Since we use a subprocess call in this function, this function will run a bit longer than the previous function calls.

In [None]:
data_dir = "./data/{}splits/".format(dataset)
new_dir = "./data/{}normalized/".format(dataset)
target = 70.

In [None]:
util.change_loudness(data_dir, new_dir, target)

## 4. Merging Files

For merging splits, and hence actually creating the datasets, we use the function `util.merge_splits`. It takes three parameters:
 - `data_dir` represents where the normalized split files are located.
 - `new_dir` represents the location where the merged split files will be written to
 - `max_number_of_speakers`

This function is different from the others before, since this function creates another folder in `new_dir`, namely a folder named `metadata`, where `.txt` files are saved containing the speaker IDs from the speakers that are merged.
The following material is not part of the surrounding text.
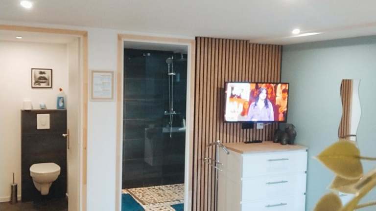 Die Ferienwohnung verfügt über ein Schlafzimmer, ein Wohnzimmer, einen Flachbild-TV und eine gut ausgestattete Küche mit Kühlschrank und Ofen. Ein Badezimmer mit Dusche ist ebenfalls vorhanden. Außerdem lädt eine Terrasse mit Gartenblick zum Verweilen ein.

The name of this `.txt` file corresponds with the merged `.wav` file.

In [None]:
data_dir = "./data/{}normalized/".format(dataset)
new_dir = "./data/trainset50/"
max_nr_of_speakers = 10

In [None]:
util.merge_audiofiles(data_dir, new_dir, max_nr_of_speakers)

## 5. Creating STFTs from Audio Data

In [10]:
data_dir = "./data/trainset250/train"
new_dir = "./data/trainset250/stft"

In [11]:
util.create_spectrograms(data_dir, new_dir)
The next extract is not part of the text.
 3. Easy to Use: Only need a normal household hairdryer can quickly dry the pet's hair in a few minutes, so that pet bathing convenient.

100%|██████████| 2562/2562 [02:33<00:00, 16.67it/s]
100%|██████████| 2563/2563 [00:50<00:00, 50.87it/s]
100%|██████████| 2563/2563 [02:29<00:00, 17.20it/s]
100%|██████████| 2562/2562 [02:23<00:00, 17.80it/s]
100%|██████████| 2570/2570 [01:27<00:00, 29.49it/s]
100%|██████████| 2561/2561 [02:32<00:00, 16.82it/s]
100%|██████████| 2562/2562 [02:28<00:00, 17.25it/s]
100%|██████████| 2562/2562 [02:06<00:00, 20.30it/s]
100%|██████████| 2567/2567 [01:56<00:00, 21.98it/s]
100%|██████████| 2567/2567 [01:43<00:00, 24.79it/s]
100%|██████████| 2562/2562 [02:13<00:00, 19.19it/s]
12it [22:45, 113.78s/it]


## 6. Done

Now we have generated our dataset, which we can use in the Number of Speaker Estimation task. 
In summary, we did the following:
 - Rewrite `.flac` to `.wav`
 - Split `.wav` files in fragments of 5 seconds
 - Normalized loudness in every file to be 70 dB
 - Merged files together, taking into account that:
     - Two speakers can never be in the same merged file;
     - Classes are as balanced as possible, although perfect class balance is difficult to achieve;
     - Normalized merged data arrays to be in the range of [-1, 1] to prevent clipping.
 - Created STFTs from the audio files, such that we can directly pass the data to the network.